The location of the animal pole is determined by a canal.The early pattern of cleavages is determined by thesymmetry of the egg, not the site of sperm entry.Boveri described a band of color to the animal-vegetal axis.The location of the archenteron's cytoplasm is indicated by these granules.Horstadius showed that only the vegetal blastomere would give rise to micromeres, gastrulate, and form skeleton.His conclusion was that the factors located in half are necessary for micromeres, gastrulation and archenteron fromation.The pattern of early breasts.The micromeres arise from an equal division of the blastomeres.
The map shows the fate of the sea urchin blastula.The primary mesenchyme cells are the micromeres.
If the blastomeres are isolated from each other, they will be able to regulate their fate and give rise to 4 small pluteus stage larvae.

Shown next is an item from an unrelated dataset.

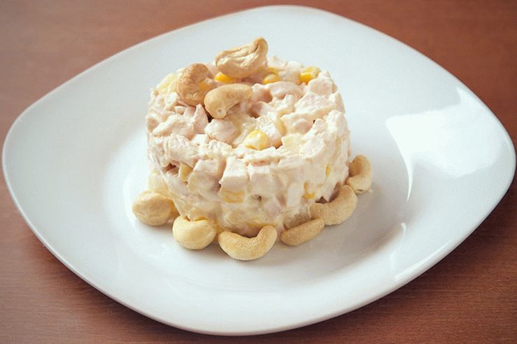 - Put the fillet, pineapple and onion in a deep bowl, all mix. Then add the corn, season with mayonnaise, mix. You can also salt and pepper to taste.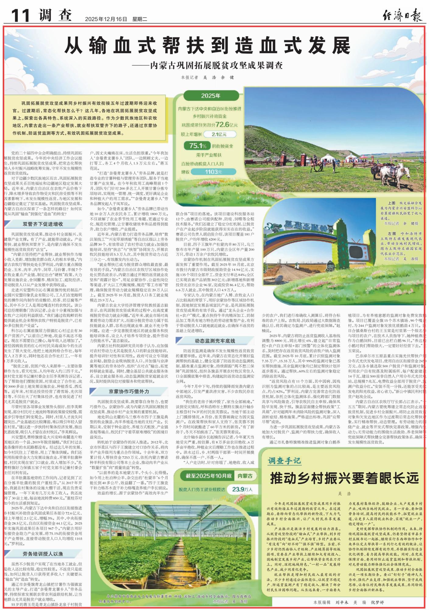 2025年12月16日,《經(jīng)濟(jì)日?qǐng)?bào)》第11版刊發(fā)題為《從輸血式幫扶到造血式發(fā)展——內(nèi)蒙古鞏固拓展脫貧攻堅(jiān)成果調(diào)查》的文章,報(bào)道了鞏固拓展脫貧攻堅(jiān)成果同鄉(xiāng)村振興有效銜接五年過渡期即將迎來收官。作為少數(shù)民族地區(qū)和農(nóng)牧地區(qū),內(nèi)蒙古走出一條產(chǎn)業(yè)幫扶、就業(yè)幫扶雙管齊下的路子,還通過京蒙協(xié)作機(jī)制、防返貧監(jiān)測等方式,有效鞏固拓展脫貧攻堅(jiān)成果。

If you isolated animal half blastomeres you found that they only produced an animalized dauerblastula that did not express any cell fates.The fate of the cells can be regulated with the help of isolated half vegetal blastomeres.Isolated micromeres are always on schedule and undergo the correct number of cell divisions.Micromeres are the progenitors of the skeletogenic mesenchyme cells when they first appear at the 16 cell stage.Micromeres could "induce" new cell fates in the animal pole blastomeres, despite the fact that micromere fate was "fixed or determined" at the time of their birth.The micromeres were able to induce fates in the animal pole blastomeres.The late experiment in "C" shows that when micromeres are added to an animal half blastula you can induce the formation of a recognizable larva.